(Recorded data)
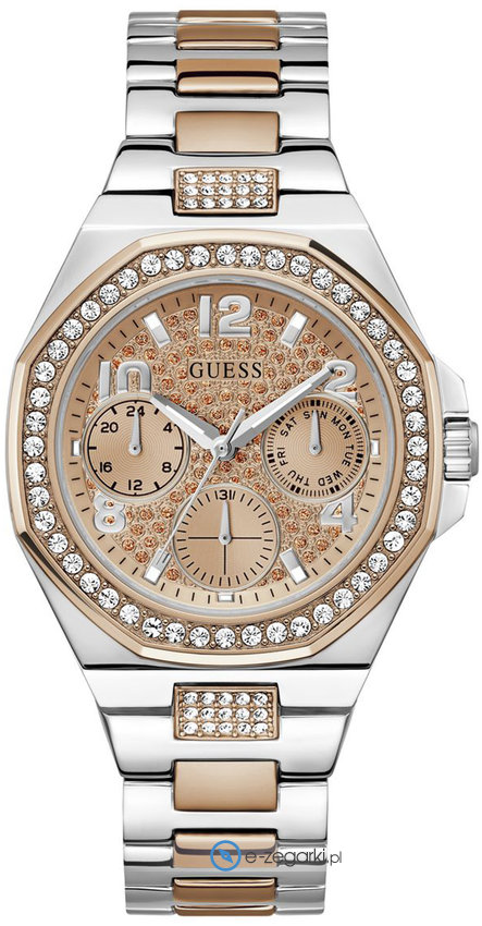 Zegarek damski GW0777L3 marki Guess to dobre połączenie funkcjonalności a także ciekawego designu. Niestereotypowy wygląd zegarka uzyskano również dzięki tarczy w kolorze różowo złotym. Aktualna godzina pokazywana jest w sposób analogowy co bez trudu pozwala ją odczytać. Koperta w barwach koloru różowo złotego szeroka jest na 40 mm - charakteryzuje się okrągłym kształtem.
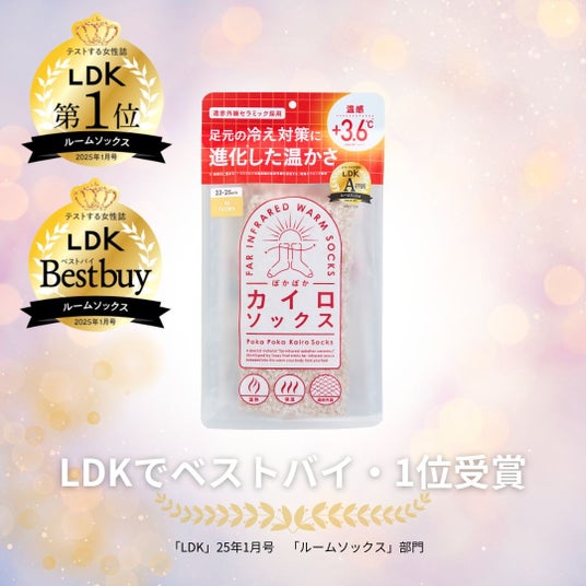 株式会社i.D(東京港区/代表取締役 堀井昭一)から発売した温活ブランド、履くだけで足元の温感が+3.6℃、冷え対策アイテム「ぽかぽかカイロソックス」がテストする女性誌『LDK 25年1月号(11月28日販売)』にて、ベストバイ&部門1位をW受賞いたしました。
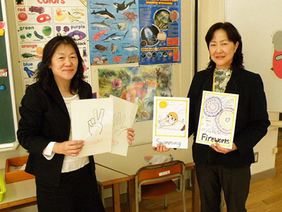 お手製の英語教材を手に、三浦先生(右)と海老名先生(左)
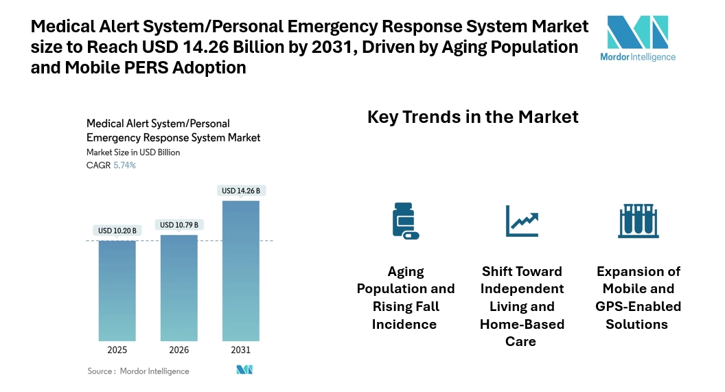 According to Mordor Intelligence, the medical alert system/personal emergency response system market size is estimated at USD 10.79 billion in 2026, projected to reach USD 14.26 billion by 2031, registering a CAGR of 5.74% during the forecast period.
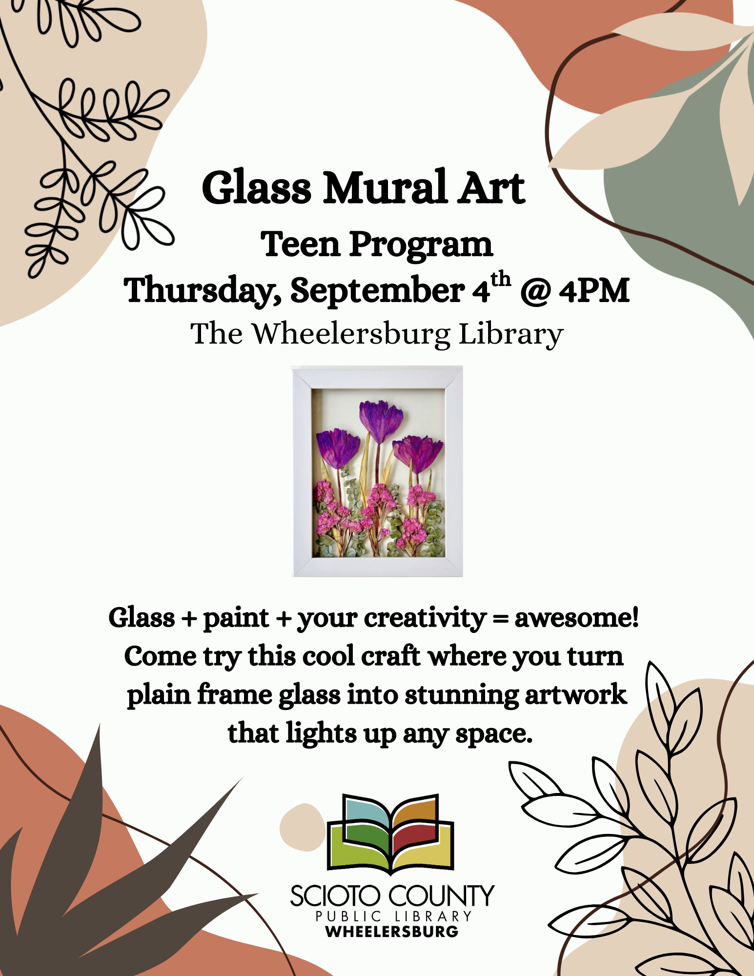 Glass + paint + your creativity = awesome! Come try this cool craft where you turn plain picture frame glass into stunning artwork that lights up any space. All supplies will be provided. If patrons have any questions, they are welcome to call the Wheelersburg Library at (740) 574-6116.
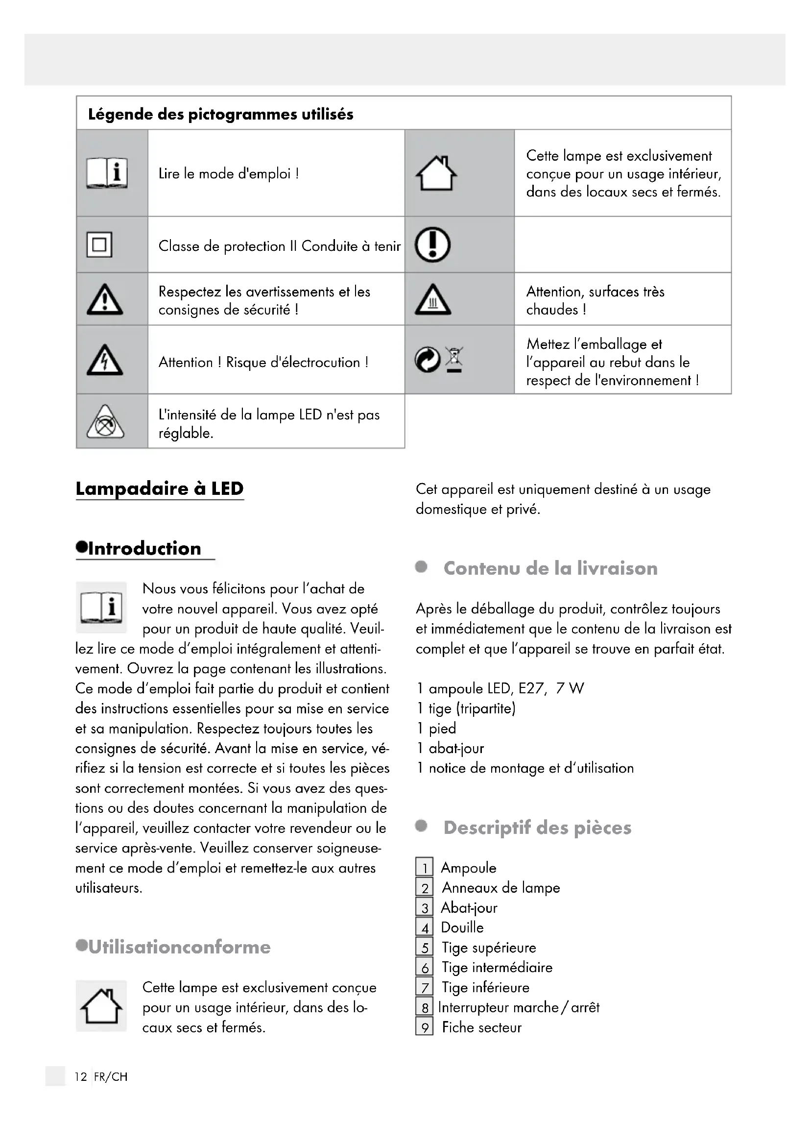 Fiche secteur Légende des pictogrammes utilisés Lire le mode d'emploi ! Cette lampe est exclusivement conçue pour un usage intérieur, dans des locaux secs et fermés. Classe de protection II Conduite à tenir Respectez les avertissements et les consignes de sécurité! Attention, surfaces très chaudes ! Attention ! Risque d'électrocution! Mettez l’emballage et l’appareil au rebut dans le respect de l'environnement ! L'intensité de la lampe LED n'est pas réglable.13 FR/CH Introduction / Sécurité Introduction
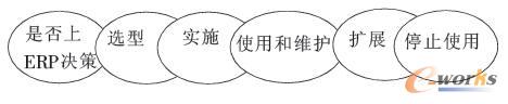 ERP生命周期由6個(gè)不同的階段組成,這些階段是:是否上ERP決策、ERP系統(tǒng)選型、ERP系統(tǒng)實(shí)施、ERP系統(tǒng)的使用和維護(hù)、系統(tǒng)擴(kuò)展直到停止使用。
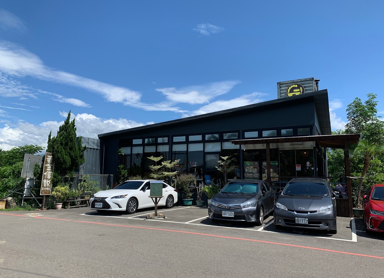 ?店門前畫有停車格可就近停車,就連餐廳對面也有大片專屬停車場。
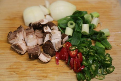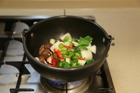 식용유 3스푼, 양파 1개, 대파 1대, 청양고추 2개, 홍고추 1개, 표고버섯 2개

Work task | Quote verbatim every line starting at the line that contains "ERP生命周期由6個(gè)" and ending with the last line of the records; omit all pictures.

Output of the exercise |
 ERP生命周期由6個(gè)不同的階段組成,這些階段是:是否上ERP決策、ERP系統(tǒng)選型、ERP系統(tǒng)實(shí)施、ERP系統(tǒng)的使用和維護(hù)、系統(tǒng)擴(kuò)展直到停止使用。
 ?店門前畫有停車格可就近停車,就連餐廳對面也有大片專屬停車場。
 식용유 3스푼, 양파 1개, 대파 1대, 청양고추 2개, 홍고추 1개, 표고버섯 2개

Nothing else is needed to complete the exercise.